── Provided material ──

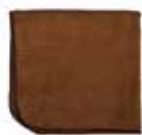
Industrial Cloths Brown, gray, black or white- size 16"x16"
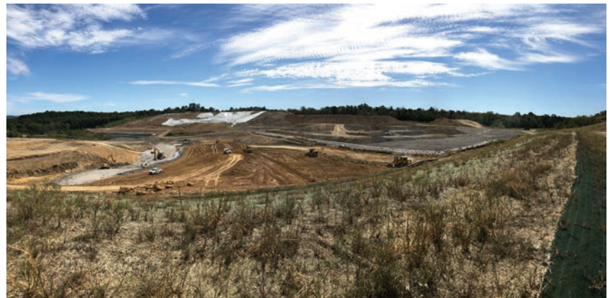
Hazex Construction on the Real Alloy Landfill Cell A & B in Butler County, KY.
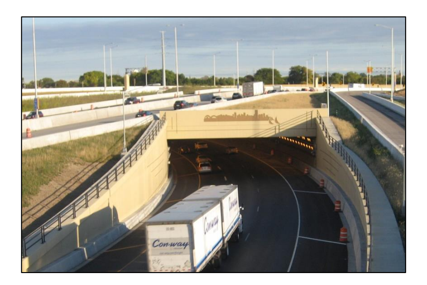
Figure 2.7.1-4: Assessment 9010 – Aesthetic Treatment.

assessment's state of deterioration and help generate quantity/cost estimates for future remedial work.
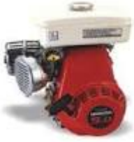
Figure HONDA G200 Engine - Malaysia Farm Equipment Suppliers ...

Jual Mesin Honda G200 Terbaik - Harga Murah Juli 2024 ... , Temukan Listing Honda G200 Terbaru Di Bulan Juni 2024 ! Dengan Harga Termurah, Gratis Ongkir, Begaransi, 2 Jam Sampai, Dan 100% Original. tokopedia.com/find/mesin-honda-g200?srsltid=AfmBOop-xq4gg9Xag1zkhMqCUdMLLul0JIfv7qbGMuC4XwPGOXPyfjBz
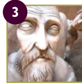
Memorial to Archbishop Edwin Sandys
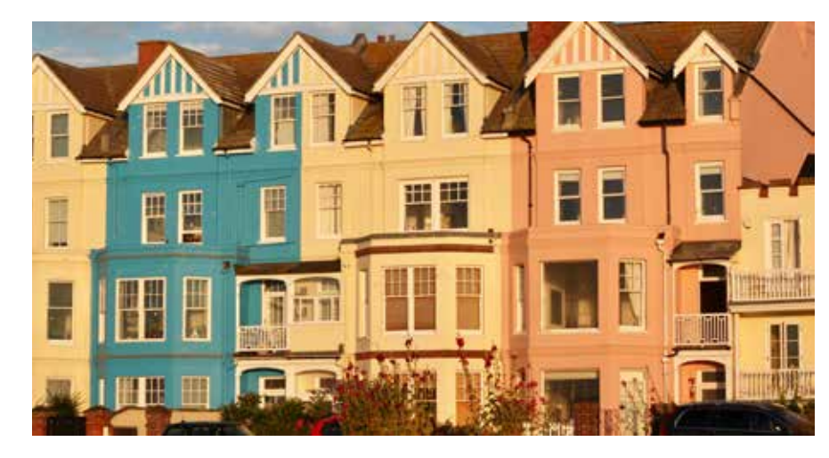
Aldeburgh Town Centre.

King's Lynn (11 miles away) has an excellent variety of shops, supermarkets, places to eat, ten-pin bowling alley, swimming pool, football club, cinema, theatre and three impressive churches. There are many services within the town including the Queen Elizabeth Hospital, police station, fire station, primary schools, three secondary schools, college and a library. King's Lynn is connected to the local cities of Norwich and Peterborough via the A47 and to Cambridge via the A10.
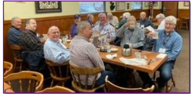
The Men's Breakfast Group meets monthly at Ol' South Pancake House on University Drive the first Friday at 8:00am. Usually numbering about 20 Silver Frogs, all male members are invited to enjoy the morning meal and camaraderie. — Gary Harrell
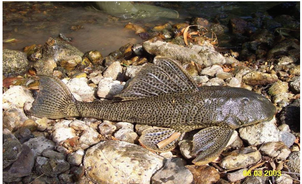
Figure 1. Armadillo del rio ( Hypostomus sp.) from the San Antonio River, Texas. Note dorsal fin with single spine and seven soft rays. Appearance is consistent with that of Hypostomus niceforoi .

In addition to their remarkable boney armor, other adaptations of suckermouth catfishes enable them to survive environmental extremes, food limitations, and predation. A large, vascularized stomach functions as a lung and as a swim bladder allowing fish to breathe
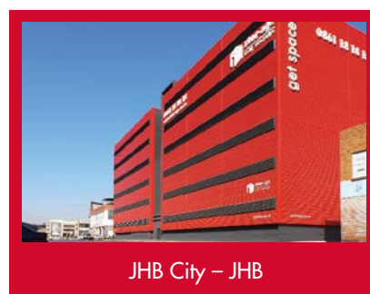
JHB City – JHB
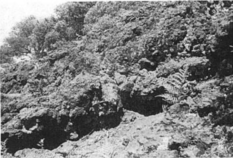
Fig. 4. Site of petrel burrow at Mauna Kea. Lava flow is old and lichen-covered; Mamani trees are in background.
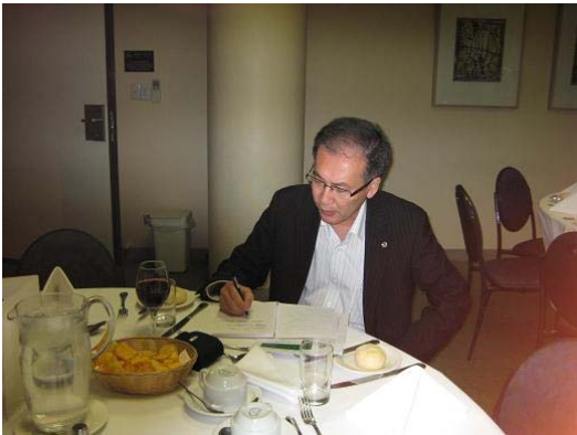
The Editor at work
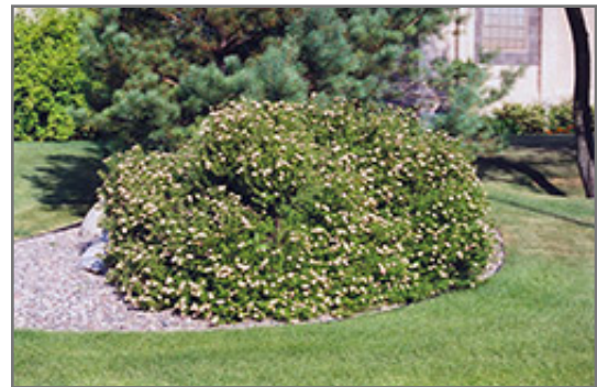
Pink Beauty Potentilla in bloom
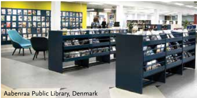
Aabenraa Public Library, Denmark

Here are examples of projects with Frontline shelving system. Visit www.wearelibrarypeople.com for more photos and inspiration.
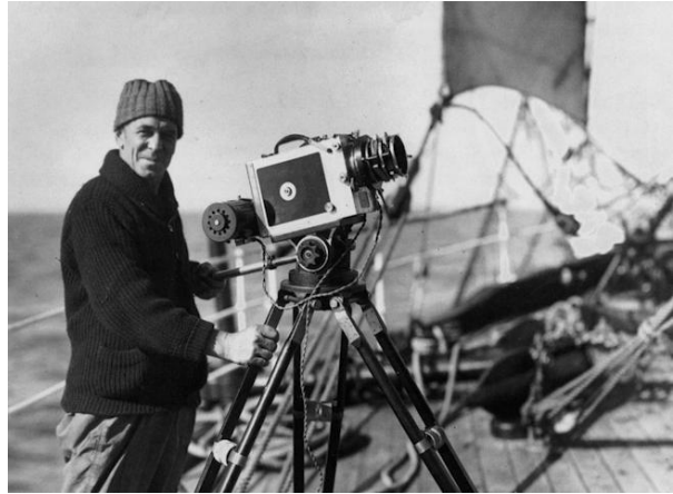
Frank Hurley (1885-1962)

The Australian National Library holds Hurley's photographic collection, containing photographs taken by him between 1910 and 1962, including these 1944 photos of Iraq. Hurley also took photographs of Syria, Palestine, Jordan, Egypt, Libya and Sudan and many other countries.
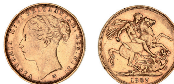
987* Queen Victoria, young head, 1887 Melbourne. Good very fine. $750
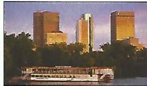
Winnipeg Manitoba's capital and largest city is located in a region of seemingly endless prairies. The city center has a mix of modern skyscrapers and 19th-century buildings around Old Market Square.
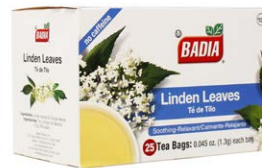
LINDEN LEAVES - 00791 10/25 BAGS
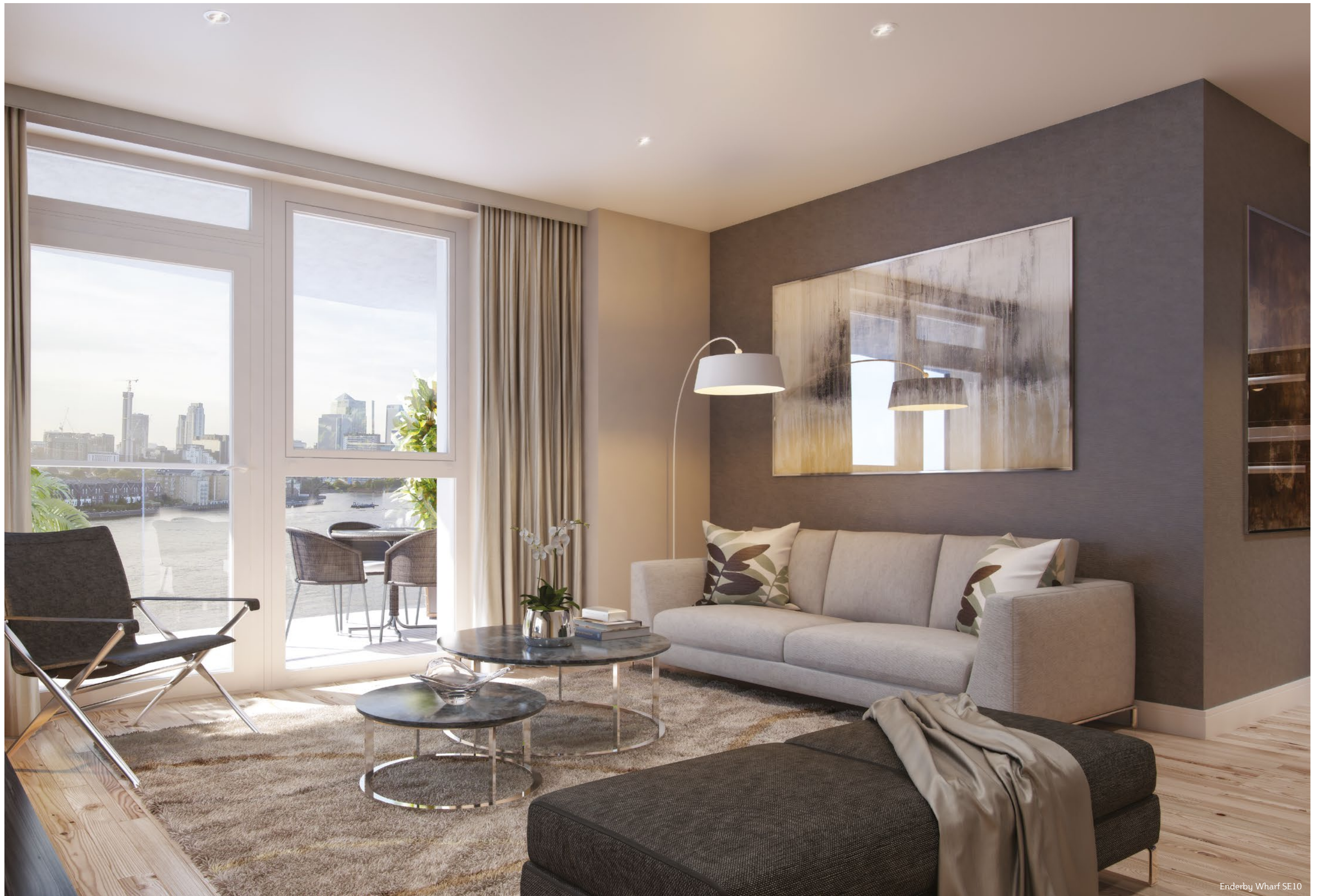
Enderby Wharf SE10
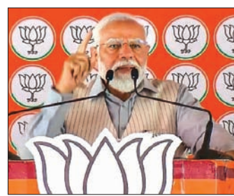
proved that today's Congress is completely cut off from the hopes and aspirations of today's India," he added addressing an election rally in Saharanpur.

"Yesterday, the kind of election manifesto was released, it has
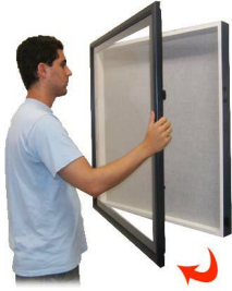
(OPTIONAL) CONCEALED LIGHTING
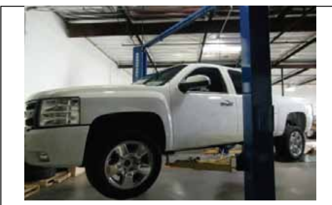
Raise and support vehicle by frame on jack stands
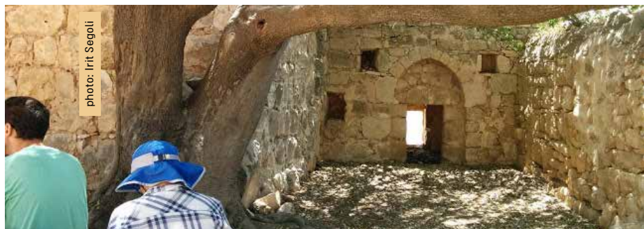
The courtyard at Umm A-Sheikh, under an ancient oak tree, May 17, 2017
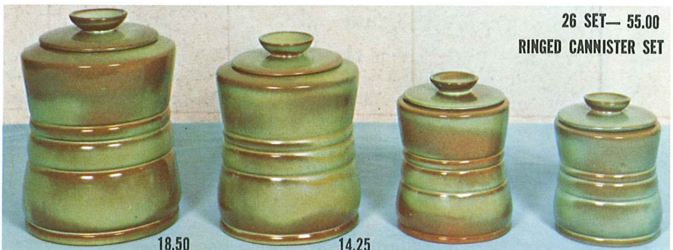
26 SET— 55.00 RINGED CANNISTER SET
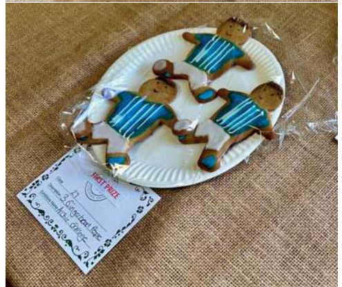
Some of the Winning Exhibits
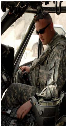
Warrant Officer Pilot in Current Combat Pattern Flight Suit
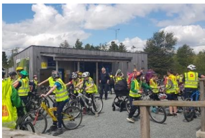
Bike Week School Cycle day at High Street NS
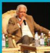
Mohinder Amarnath Indian former cricketer
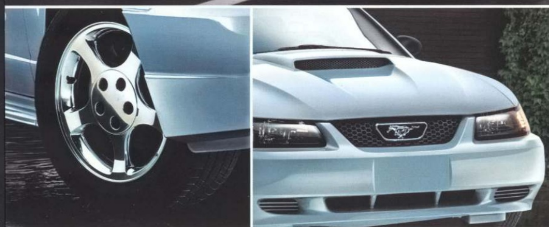
Mustang Mach 1

1 Once an icon, always an icon. The Mach 1 Mustang came back in 2003 in limited quantities as a Living Legend. A reinterpretation of its predecessor, even the 17" wheels were styled after the originals as were the one-of-a-kind "comfort weave" leather-trimmed seats shown here. 2 Underneath the functional shaker hood of a Mach 1 is a 4.6L DOHC 32-valve V8 engine that
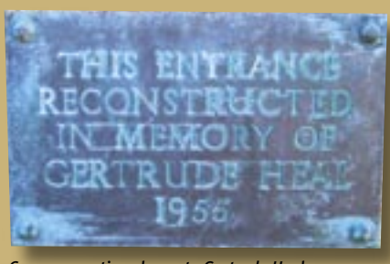
Commemorative plaque to Gertrude Heal
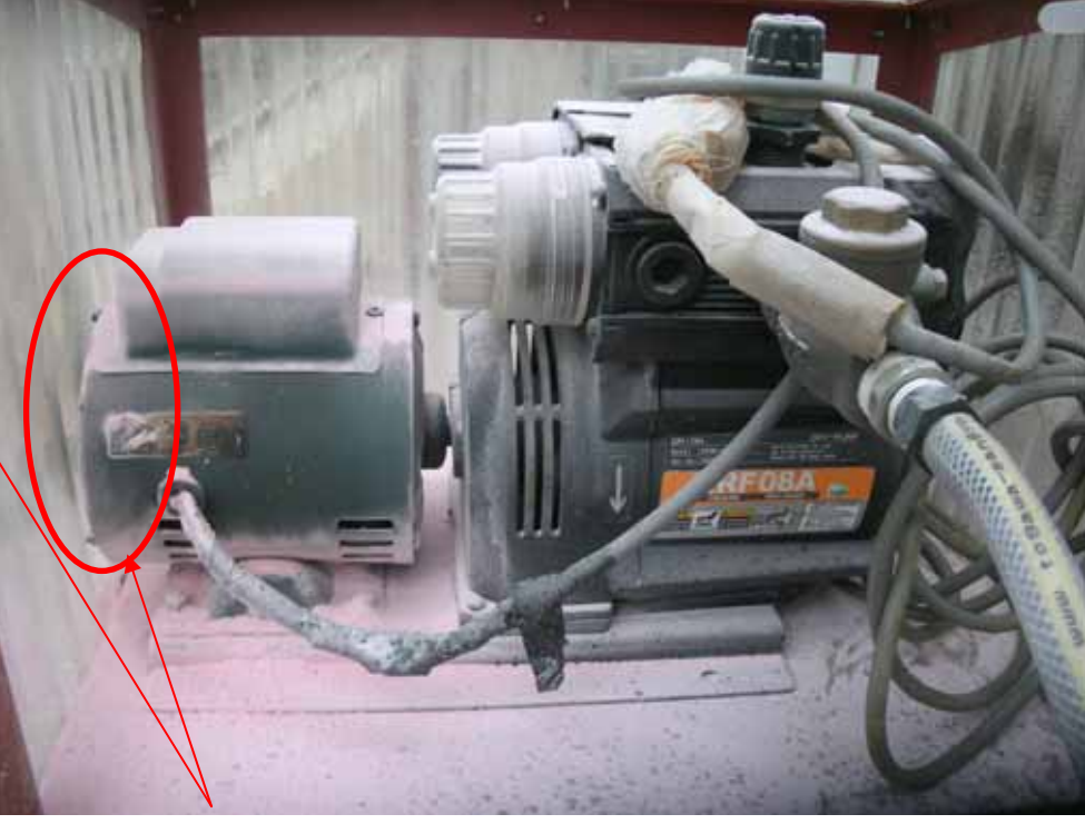
Areas where white smoke came out

The motor of the pump from which white smoke came out
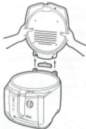
Diagram 5 Open cover 90°, lift to remove Lift condensation cup to remove

Open cover 90° and lift to remove from base. See Diagram 5. Lift condensation cup out of cover hinge area on backside of fryer. See Diagram 5.
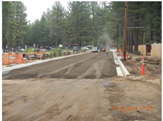
Sub-base Preparation for Paving-Merced Ave.
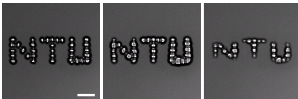
Fig. 3. NTU logo consisting of 34 cavitation bubbles 1.2 \mu\text{s} , 3 \mu\text{s} and 5 \mu\text{s} after the laser pulse ( E=56 \mu\text{J} ). The length of the scale bar is 100 \mu\text{m} .

utility of cavitation bubbles for mixing [27, 12] and pumping [13] fluids or to rupture plasma membranes of cells in microfluidic devices [14]. The use of the digital hologram allows these manipulations to be performed at different locations without scanning the microfluidic chip or the laser beam. This simplifies the experimental setup and allows fluid to be actuated by light and computers only; without any need for mechanical valves, wired connections, scanning mirrors, or position stages with micrometer resolution.
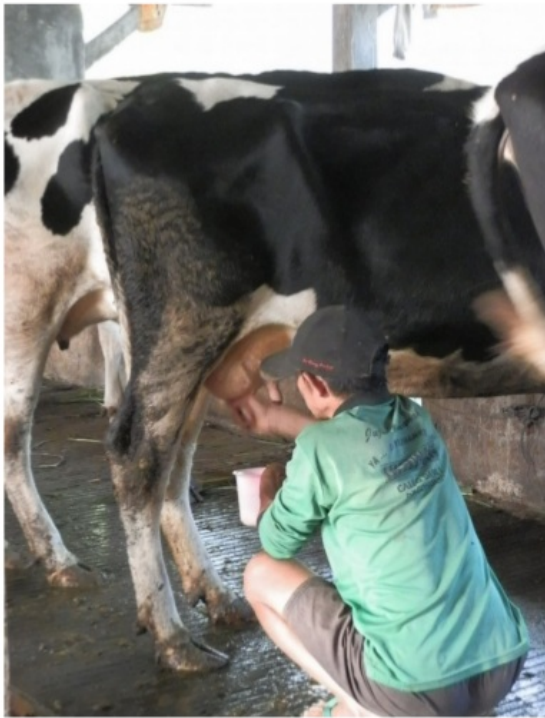
Illustration 1. A milking practise by a farmer did not consider the sanitary principal
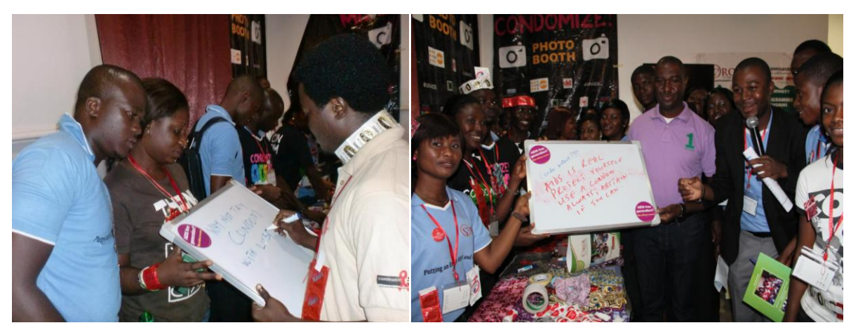
CONDOMIZE! DON'T COMPROMIZE
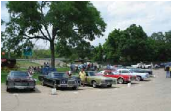
Concours Judging in front of Hotel Over 50 cars showed up for judging
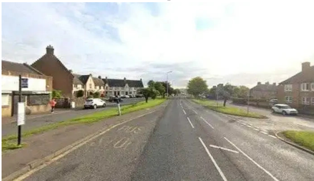
Omnicare pharmacy methil street view 360deg
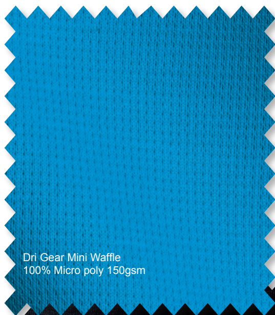
Dri Gear Mini Waffle 100% Micro poly 150gsm
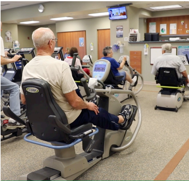
Cardiac rehabilitation helps patients recover and build strength to get their hearts back to good health.
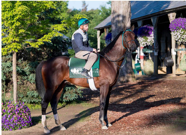
Nutella Fella
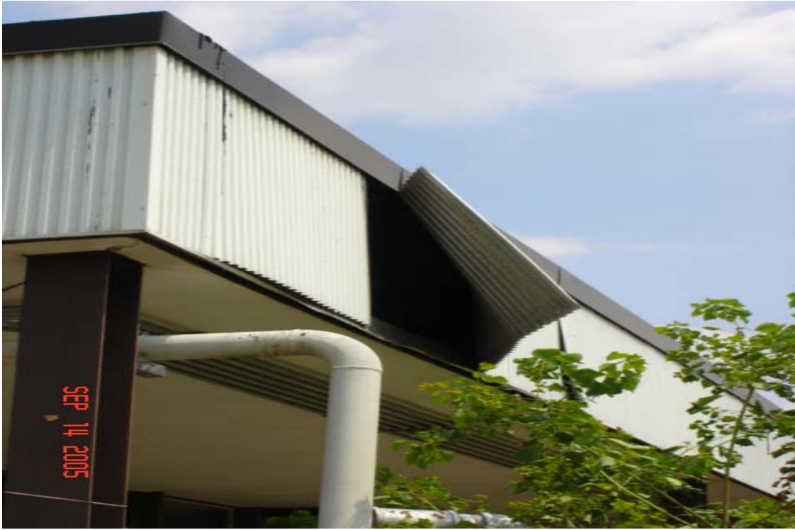
Roof fascia damage on cafeteria building
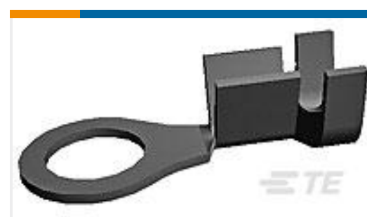
TE Part #41346 RING TERMINAL 18-14 AWG NPSTL

───

→ Brief: Where a line above contains the string "Mustang", copy that line.

→ Solution for this problem:
Mustang Mach 1
1 Once an icon, always an icon. The Mach 1 Mustang came back in 2003 in limited quantities as a Living Legend. A reinterpretation of its predecessor, even the 17" wheels were styled after the originals as were the one-of-a-kind "comfort weave" leather-trimmed seats shown here. 2 Underneath the functional shaker hood of a Mach 1 is a 4.6L DOHC 32-valve V8 engine that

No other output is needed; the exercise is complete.